## What the exercise asks
Leave out the images and return all the data word for word.

BEGIN Available records

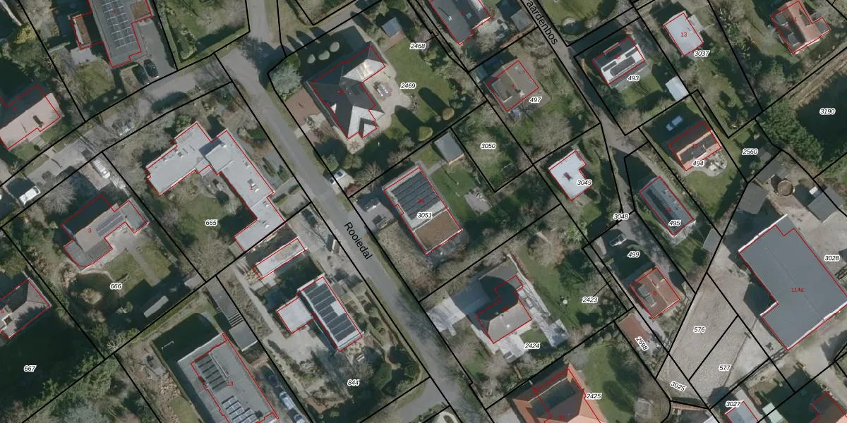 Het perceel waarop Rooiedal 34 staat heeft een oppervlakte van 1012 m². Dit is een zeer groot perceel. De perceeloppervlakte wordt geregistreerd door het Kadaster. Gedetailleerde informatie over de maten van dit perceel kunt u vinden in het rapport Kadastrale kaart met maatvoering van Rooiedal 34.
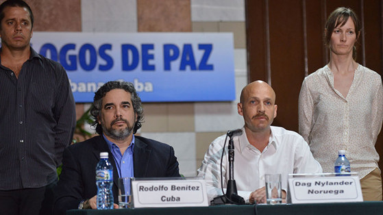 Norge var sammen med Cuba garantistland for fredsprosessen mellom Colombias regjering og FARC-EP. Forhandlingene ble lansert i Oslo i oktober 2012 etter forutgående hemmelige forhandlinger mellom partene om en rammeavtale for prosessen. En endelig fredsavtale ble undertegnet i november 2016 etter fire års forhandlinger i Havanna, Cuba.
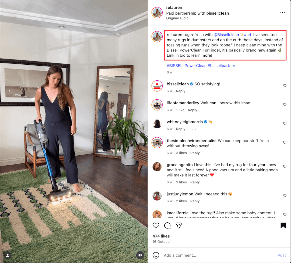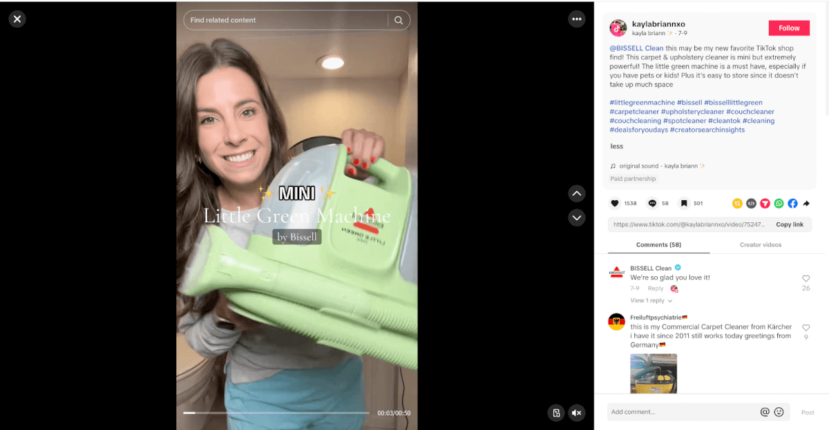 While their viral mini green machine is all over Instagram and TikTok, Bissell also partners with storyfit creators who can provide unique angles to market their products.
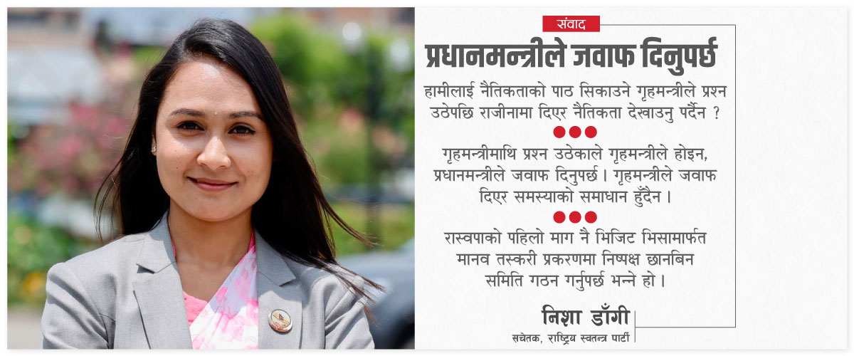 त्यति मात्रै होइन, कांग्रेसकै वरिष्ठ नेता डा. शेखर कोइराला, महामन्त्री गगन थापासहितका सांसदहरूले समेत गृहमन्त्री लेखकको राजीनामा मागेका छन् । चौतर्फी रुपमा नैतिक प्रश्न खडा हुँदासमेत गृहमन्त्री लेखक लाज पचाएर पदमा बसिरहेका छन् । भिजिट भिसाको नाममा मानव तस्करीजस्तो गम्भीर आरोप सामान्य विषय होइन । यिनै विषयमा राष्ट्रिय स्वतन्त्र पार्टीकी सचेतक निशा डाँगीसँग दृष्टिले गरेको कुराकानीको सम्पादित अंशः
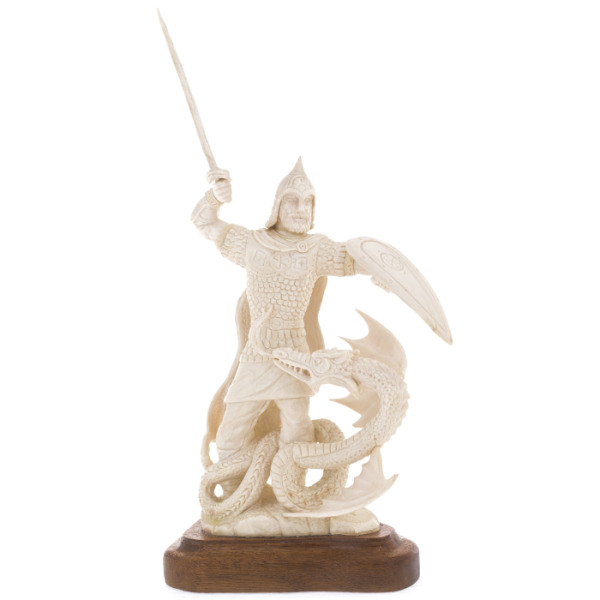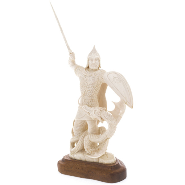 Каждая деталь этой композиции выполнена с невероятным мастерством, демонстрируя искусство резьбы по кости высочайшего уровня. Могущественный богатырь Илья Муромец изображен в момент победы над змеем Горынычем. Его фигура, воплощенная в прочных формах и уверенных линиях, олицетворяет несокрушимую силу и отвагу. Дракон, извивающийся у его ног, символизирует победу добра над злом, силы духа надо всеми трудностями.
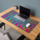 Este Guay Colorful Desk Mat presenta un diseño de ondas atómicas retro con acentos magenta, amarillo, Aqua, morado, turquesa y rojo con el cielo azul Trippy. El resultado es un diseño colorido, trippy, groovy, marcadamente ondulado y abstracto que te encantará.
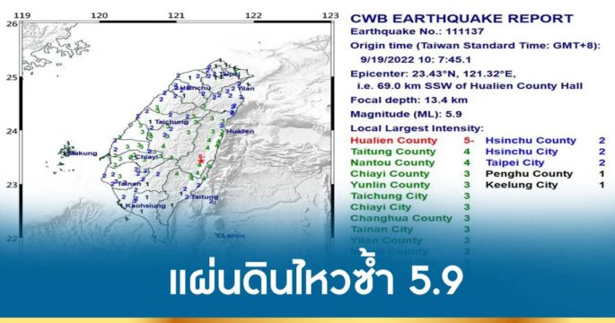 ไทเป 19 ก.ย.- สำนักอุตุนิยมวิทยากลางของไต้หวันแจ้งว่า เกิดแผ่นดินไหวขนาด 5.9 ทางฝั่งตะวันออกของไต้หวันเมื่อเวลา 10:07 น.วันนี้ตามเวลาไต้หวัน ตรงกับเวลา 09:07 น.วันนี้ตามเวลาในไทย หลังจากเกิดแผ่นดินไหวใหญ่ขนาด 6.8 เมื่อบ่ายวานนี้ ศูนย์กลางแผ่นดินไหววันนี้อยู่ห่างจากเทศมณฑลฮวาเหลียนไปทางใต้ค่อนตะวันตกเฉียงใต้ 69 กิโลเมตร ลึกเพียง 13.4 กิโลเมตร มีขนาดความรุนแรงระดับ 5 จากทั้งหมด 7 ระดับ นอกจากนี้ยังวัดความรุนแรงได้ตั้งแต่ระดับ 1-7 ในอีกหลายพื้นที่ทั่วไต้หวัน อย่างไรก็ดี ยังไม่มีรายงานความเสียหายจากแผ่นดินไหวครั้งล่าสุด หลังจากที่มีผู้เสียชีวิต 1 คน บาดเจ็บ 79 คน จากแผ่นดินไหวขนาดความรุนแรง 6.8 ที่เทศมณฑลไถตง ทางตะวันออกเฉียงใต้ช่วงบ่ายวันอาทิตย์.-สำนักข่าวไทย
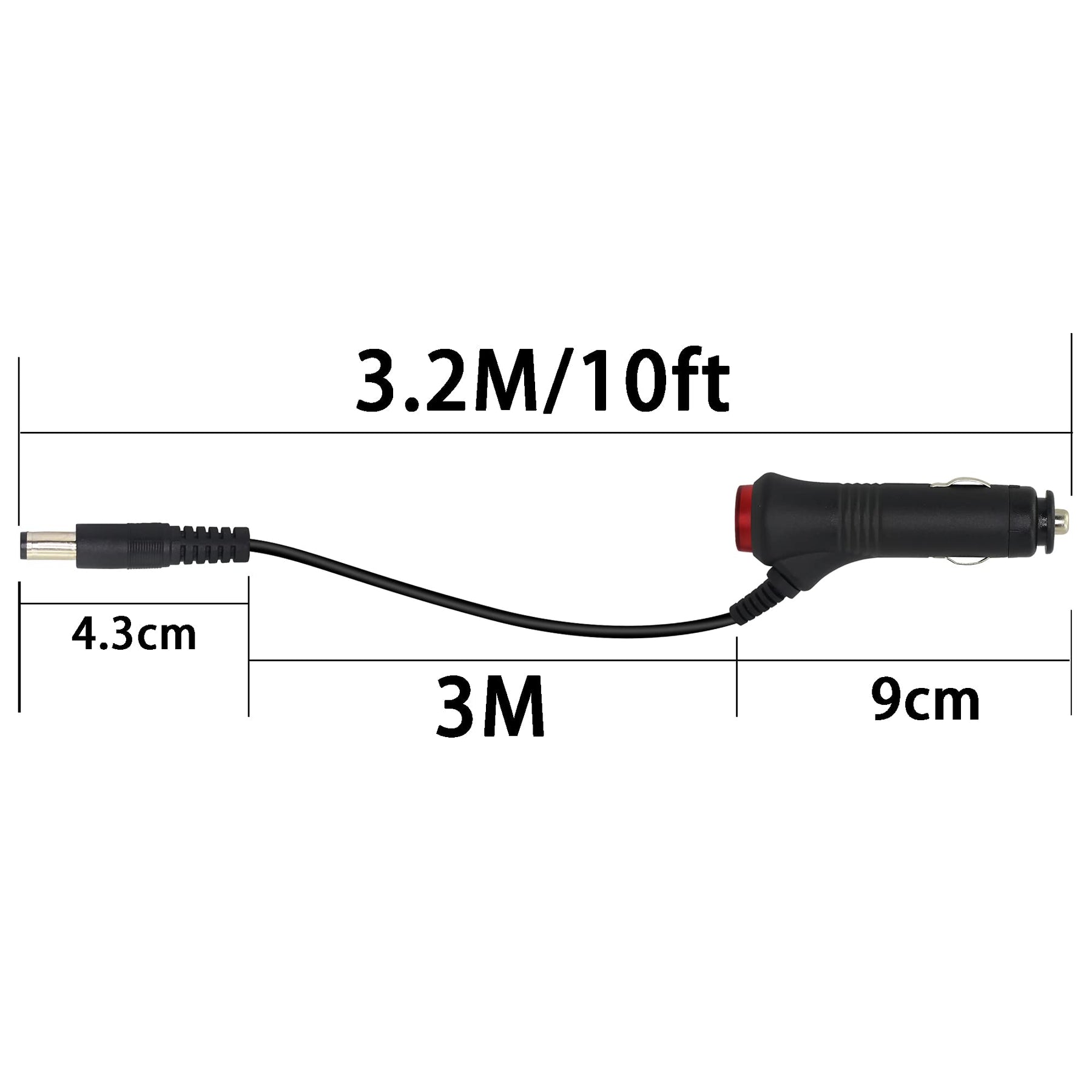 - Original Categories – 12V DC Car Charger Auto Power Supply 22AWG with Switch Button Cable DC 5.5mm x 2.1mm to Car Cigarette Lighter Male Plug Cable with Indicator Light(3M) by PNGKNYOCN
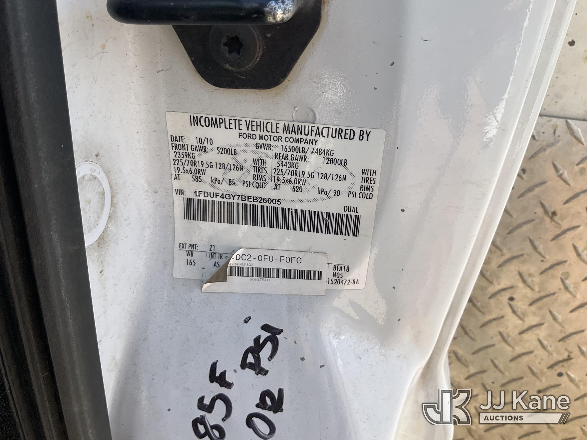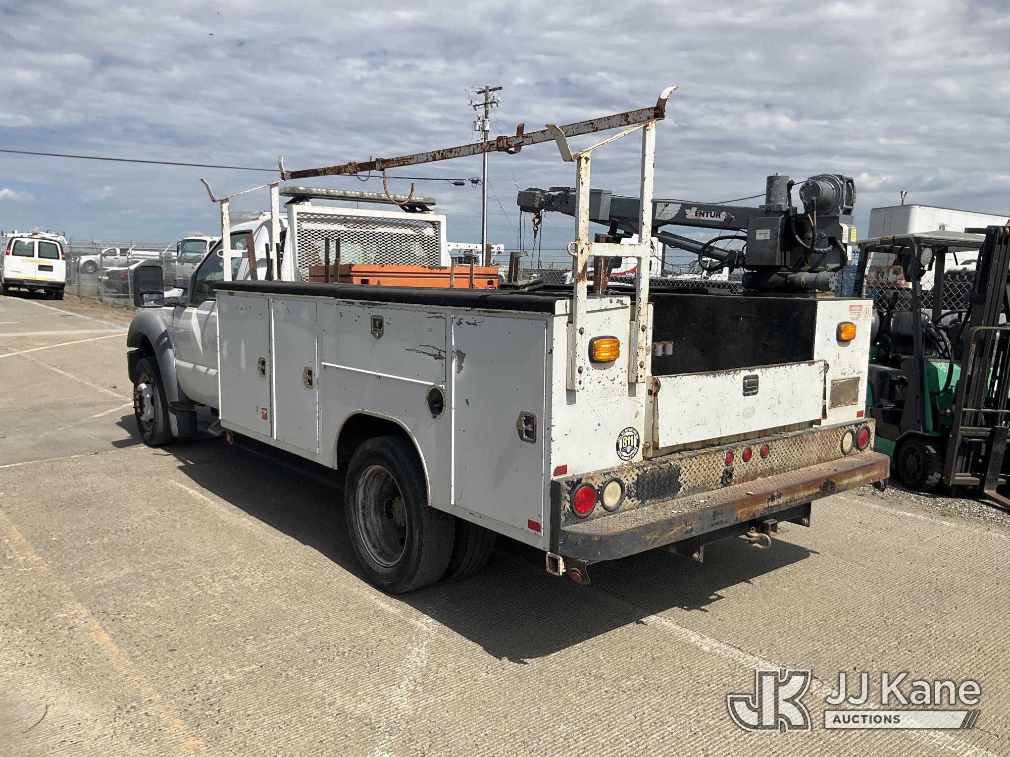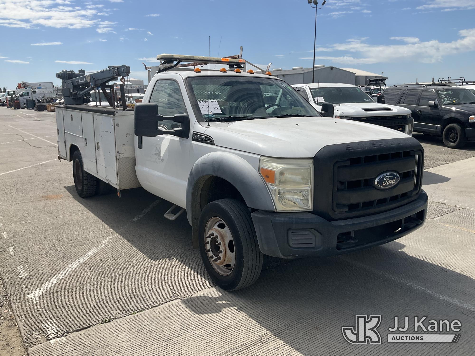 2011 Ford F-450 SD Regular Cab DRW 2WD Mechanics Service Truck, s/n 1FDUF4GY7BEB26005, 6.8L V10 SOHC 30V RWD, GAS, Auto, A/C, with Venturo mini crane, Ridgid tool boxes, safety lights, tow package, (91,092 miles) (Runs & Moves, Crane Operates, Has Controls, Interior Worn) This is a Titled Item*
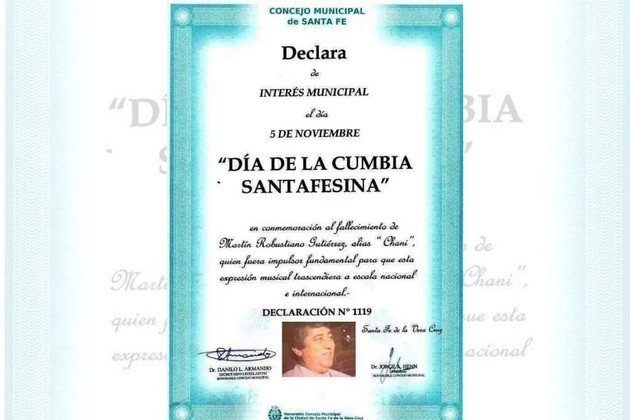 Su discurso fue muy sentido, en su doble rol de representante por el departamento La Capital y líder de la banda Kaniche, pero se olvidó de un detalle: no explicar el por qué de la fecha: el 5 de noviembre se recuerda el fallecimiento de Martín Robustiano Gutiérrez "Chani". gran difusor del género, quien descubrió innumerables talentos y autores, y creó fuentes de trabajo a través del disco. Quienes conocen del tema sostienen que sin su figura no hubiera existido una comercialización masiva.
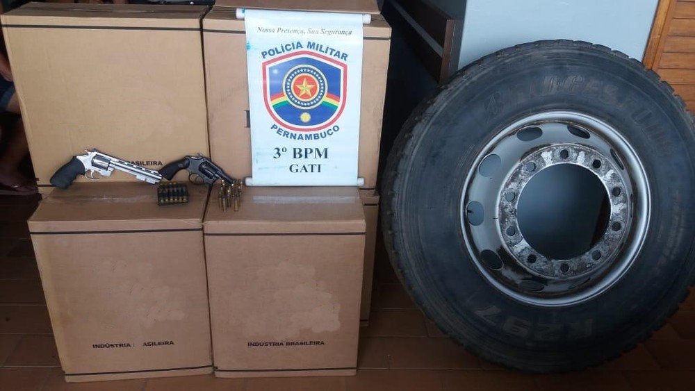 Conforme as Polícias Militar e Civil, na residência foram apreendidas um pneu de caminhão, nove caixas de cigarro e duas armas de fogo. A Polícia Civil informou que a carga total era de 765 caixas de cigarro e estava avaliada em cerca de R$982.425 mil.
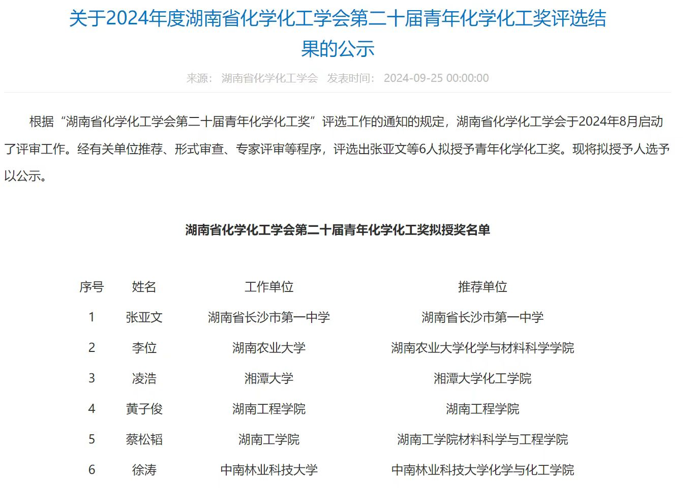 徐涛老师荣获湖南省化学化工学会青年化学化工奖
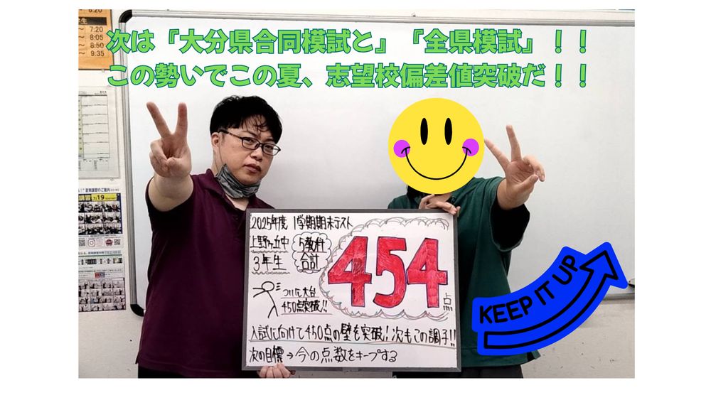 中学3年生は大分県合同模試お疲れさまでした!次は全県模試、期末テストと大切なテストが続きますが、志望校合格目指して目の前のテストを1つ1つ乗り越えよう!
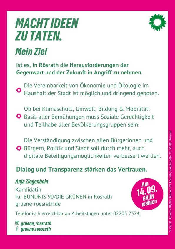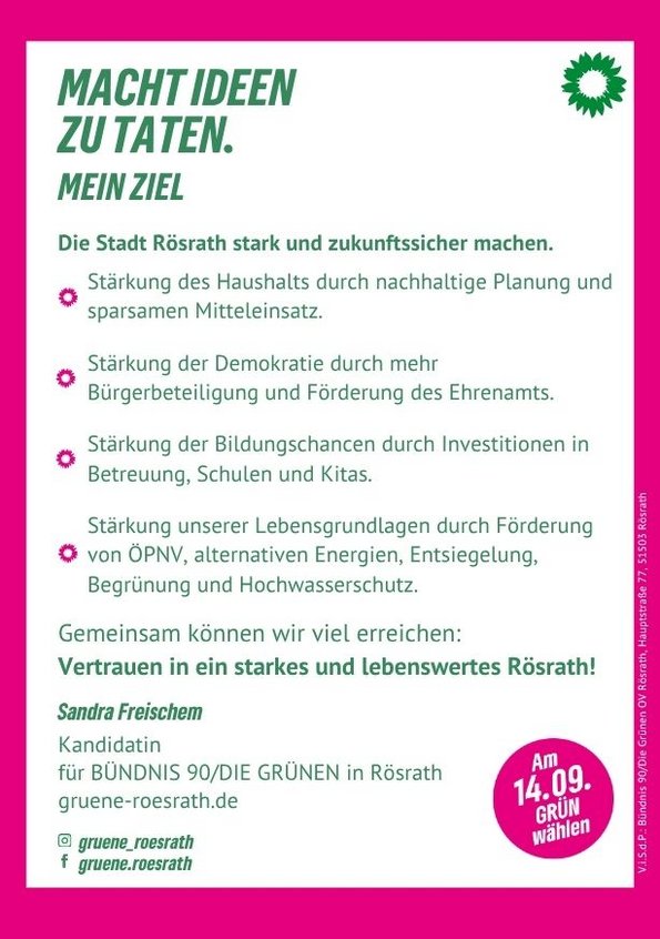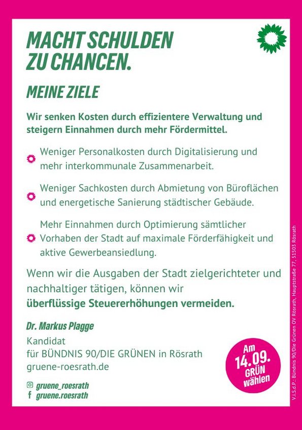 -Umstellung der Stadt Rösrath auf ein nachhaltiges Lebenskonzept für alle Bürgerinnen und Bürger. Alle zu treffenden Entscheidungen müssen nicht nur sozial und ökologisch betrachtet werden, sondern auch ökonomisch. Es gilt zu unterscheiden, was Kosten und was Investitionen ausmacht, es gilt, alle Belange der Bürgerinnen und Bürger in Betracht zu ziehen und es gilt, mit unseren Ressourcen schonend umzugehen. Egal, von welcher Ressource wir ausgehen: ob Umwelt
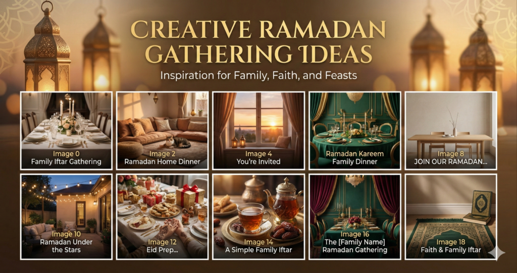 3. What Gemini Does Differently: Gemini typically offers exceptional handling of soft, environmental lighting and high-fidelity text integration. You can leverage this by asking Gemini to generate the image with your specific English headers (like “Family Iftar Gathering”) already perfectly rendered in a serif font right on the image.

END Available records

## Output of the task
 Het perceel waarop Rooiedal 34 staat heeft een oppervlakte van 1012 m². Dit is een zeer groot perceel. De perceeloppervlakte wordt geregistreerd door het Kadaster. Gedetailleerde informatie over de maten van dit perceel kunt u vinden in het rapport Kadastrale kaart met maatvoering van Rooiedal 34.
 Norge var sammen med Cuba garantistland for fredsprosessen mellom Colombias regjering og FARC-EP. Forhandlingene ble lansert i Oslo i oktober 2012 etter forutgående hemmelige forhandlinger mellom partene om en rammeavtale for prosessen. En endelig fredsavtale ble undertegnet i november 2016 etter fire års forhandlinger i Havanna, Cuba.
 While their viral mini green machine is all over Instagram and TikTok, Bissell also partners with storyfit creators who can provide unique angles to market their products.
 त्यति मात्रै होइन, कांग्रेसकै वरिष्ठ नेता डा. शेखर कोइराला, महामन्त्री गगन थापासहितका सांसदहरूले समेत गृहमन्त्री लेखकको राजीनामा मागेका छन् । चौतर्फी रुपमा नैतिक प्रश्न खडा हुँदासमेत गृहमन्त्री लेखक लाज पचाएर पदमा बसिरहेका छन् । भिजिट भिसाको नाममा मानव तस्करीजस्तो गम्भीर आरोप सामान्य विषय होइन । यिनै विषयमा राष्ट्रिय स्वतन्त्र पार्टीकी सचेतक निशा डाँगीसँग दृष्टिले गरेको कुराकानीको सम्पादित अंशः
 Каждая деталь этой композиции выполнена с невероятным мастерством, демонстрируя искусство резьбы по кости высочайшего уровня. Могущественный богатырь Илья Муромец изображен в момент победы над змеем Горынычем. Его фигура, воплощенная в прочных формах и уверенных линиях, олицетворяет несокрушимую силу и отвагу. Дракон, извивающийся у его ног, символизирует победу добра над злом, силы духа надо всеми трудностями.
 Este Guay Colorful Desk Mat presenta un diseño de ondas atómicas retro con acentos magenta, amarillo, Aqua, morado, turquesa y rojo con el cielo azul Trippy. El resultado es un diseño colorido, trippy, groovy, marcadamente ondulado y abstracto que te encantará.
 ไทเป 19 ก.ย.- สำนักอุตุนิยมวิทยากลางของไต้หวันแจ้งว่า เกิดแผ่นดินไหวขนาด 5.9 ทางฝั่งตะวันออกของไต้หวันเมื่อเวลา 10:07 น.วันนี้ตามเวลาไต้หวัน ตรงกับเวลา 09:07 น.วันนี้ตามเวลาในไทย หลังจากเกิดแผ่นดินไหวใหญ่ขนาด 6.8 เมื่อบ่ายวานนี้ ศูนย์กลางแผ่นดินไหววันนี้อยู่ห่างจากเทศมณฑลฮวาเหลียนไปทางใต้ค่อนตะวันตกเฉียงใต้ 69 กิโลเมตร ลึกเพียง 13.4 กิโลเมตร มีขนาดความรุนแรงระดับ 5 จากทั้งหมด 7 ระดับ นอกจากนี้ยังวัดความรุนแรงได้ตั้งแต่ระดับ 1-7 ในอีกหลายพื้นที่ทั่วไต้หวัน อย่างไรก็ดี ยังไม่มีรายงานความเสียหายจากแผ่นดินไหวครั้งล่าสุด หลังจากที่มีผู้เสียชีวิต 1 คน บาดเจ็บ 79 คน จากแผ่นดินไหวขนาดความรุนแรง 6.8 ที่เทศมณฑลไถตง ทางตะวันออกเฉียงใต้ช่วงบ่ายวันอาทิตย์.-สำนักข่าวไทย
 - Original Categories – 12V DC Car Charger Auto Power Supply 22AWG with Switch Button Cable DC 5.5mm x 2.1mm to Car Cigarette Lighter Male Plug Cable with Indicator Light(3M) by PNGKNYOCN
 2011 Ford F-450 SD Regular Cab DRW 2WD Mechanics Service Truck, s/n 1FDUF4GY7BEB26005, 6.8L V10 SOHC 30V RWD, GAS, Auto, A/C, with Venturo mini crane, Ridgid tool boxes, safety lights, tow package, (91,092 miles) (Runs & Moves, Crane Operates, Has Controls, Interior Worn) This is a Titled Item*
 Su discurso fue muy sentido, en su doble rol de representante por el departamento La Capital y líder de la banda Kaniche, pero se olvidó de un detalle: no explicar el por qué de la fecha: el 5 de noviembre se recuerda el fallecimiento de Martín Robustiano Gutiérrez "Chani". gran difusor del género, quien descubrió innumerables talentos y autores, y creó fuentes de trabajo a través del disco. Quienes conocen del tema sostienen que sin su figura no hubiera existido una comercialización masiva.
 Conforme as Polícias Militar e Civil, na residência foram apreendidas um pneu de caminhão, nove caixas de cigarro e duas armas de fogo. A Polícia Civil informou que a carga total era de 765 caixas de cigarro e estava avaliada em cerca de R$982.425 mil.
 徐涛老师荣获湖南省化学化工学会青年化学化工奖
 中学3年生は大分県合同模試お疲れさまでした!次は全県模試、期末テストと大切なテストが続きますが、志望校合格目指して目の前のテストを1つ1つ乗り越えよう!
 -Umstellung der Stadt Rösrath auf ein nachhaltiges Lebenskonzept für alle Bürgerinnen und Bürger. Alle zu treffenden Entscheidungen müssen nicht nur sozial und ökologisch betrachtet werden, sondern auch ökonomisch. Es gilt zu unterscheiden, was Kosten und was Investitionen ausmacht, es gilt, alle Belange der Bürgerinnen und Bürger in Betracht zu ziehen und es gilt, mit unseren Ressourcen schonend umzugehen. Egal, von welcher Ressource wir ausgehen: ob Umwelt
 3. What Gemini Does Differently: Gemini typically offers exceptional handling of soft, environmental lighting and high-fidelity text integration. You can leverage this by asking Gemini to generate the image with your specific English headers (like “Family Iftar Gathering”) already perfectly rendered in a serif font right on the image.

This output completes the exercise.